───── Input records ─────

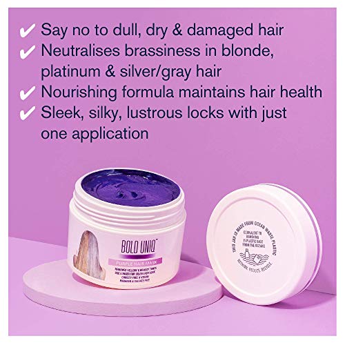 Purple Hair Mask for Blonde, Platinum and Silver Hair: BOLD UNIQ by B Uniq Blue Masque to Reduce Brassiness and Condition Dry, Damaged Hair – Sulfate Free Toner (200 ml) .
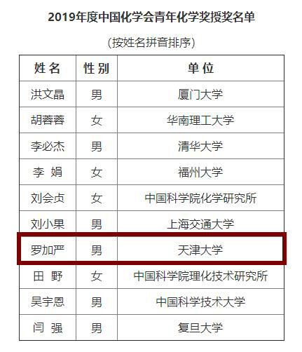 本站讯(通讯员 李莎)2019年12月23日,中国化学会进行公示,天津大学化工学院教授罗加严入选2019年度中国化学会青年化学奖。
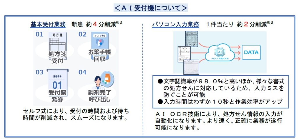 導入されるのは、株式会社くすりの窓口が開発したAI受付機。処方せんの読み取りから情報入力、紙のお薬手帳の回収、受付票の発行、調剤完了の呼び出しまでを対面不要で完結させる。
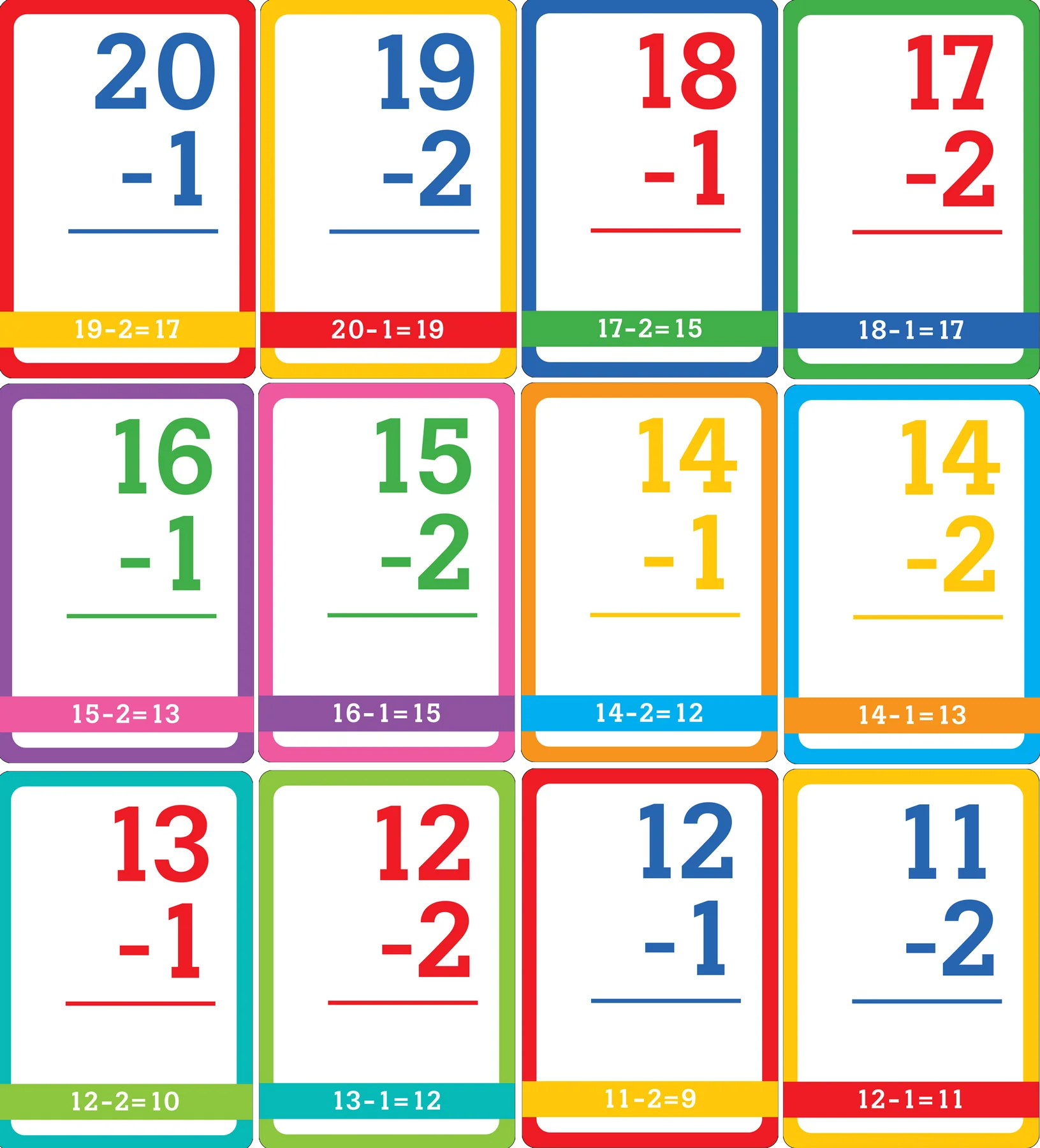 Flash card set will help your child learn to subtract numbers 0 through 9, and master subtraction within 20.
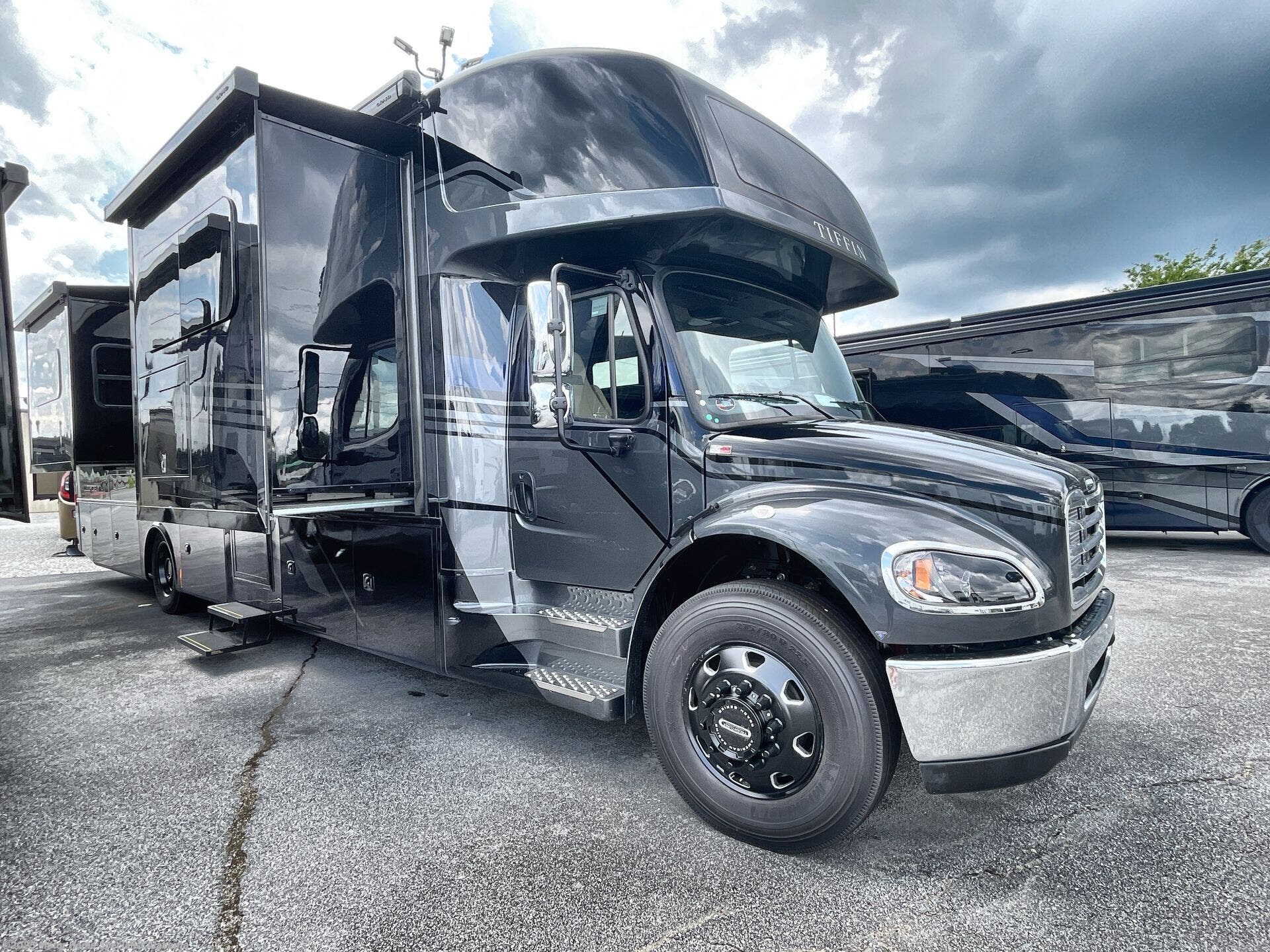 Each Allegro Bay Super C diesel coach by Tiffin Motorhomes sits on a durable Freightliner Custom S2RV chassis with an impressive 360 HP Cummins B6.7 engine for power you can feel. You will appreciate smooth handling thanks to the Trac-Tech full-time NoSPIN differential single rear axle and the automatic traction control. There is a manual release valve for the rear air suspension for added convenience, plus a 12,000 lb. towing capacity that will allow you to bring along the family car or even a horse trailer! This coach includes a Truma AquaGo Comfort instant water heater, AGM extended cycle house batteries, an 8.0 Onan Quiet Diesel generator, plus many more top of the line amenities. You will also love the new Generation 3 paint schemes, an exterior ladder, new matte finish tile flooring option, plus optional Starlink prep in the sewer bay that will give you the option to have internet while you're away from home!

─────

- [Instructions to follow]
Where the data contains an image, skip the image and copy everything else exactly as it appears.

- [Written solution]
 Purple Hair Mask for Blonde, Platinum and Silver Hair: BOLD UNIQ by B Uniq Blue Masque to Reduce Brassiness and Condition Dry, Damaged Hair – Sulfate Free Toner (200 ml) .
 本站讯(通讯员 李莎)2019年12月23日,中国化学会进行公示,天津大学化工学院教授罗加严入选2019年度中国化学会青年化学奖。
 導入されるのは、株式会社くすりの窓口が開発したAI受付機。処方せんの読み取りから情報入力、紙のお薬手帳の回収、受付票の発行、調剤完了の呼び出しまでを対面不要で完結させる。
 Flash card set will help your child learn to subtract numbers 0 through 9, and master subtraction within 20.
 Each Allegro Bay Super C diesel coach by Tiffin Motorhomes sits on a durable Freightliner Custom S2RV chassis with an impressive 360 HP Cummins B6.7 engine for power you can feel. You will appreciate smooth handling thanks to the Trac-Tech full-time NoSPIN differential single rear axle and the automatic traction control. There is a manual release valve for the rear air suspension for added convenience, plus a 12,000 lb. towing capacity that will allow you to bring along the family car or even a horse trailer! This coach includes a Truma AquaGo Comfort instant water heater, AGM extended cycle house batteries, an 8.0 Onan Quiet Diesel generator, plus many more top of the line amenities. You will also love the new Generation 3 paint schemes, an exterior ladder, new matte finish tile flooring option, plus optional Starlink prep in the sewer bay that will give you the option to have internet while you're away from home!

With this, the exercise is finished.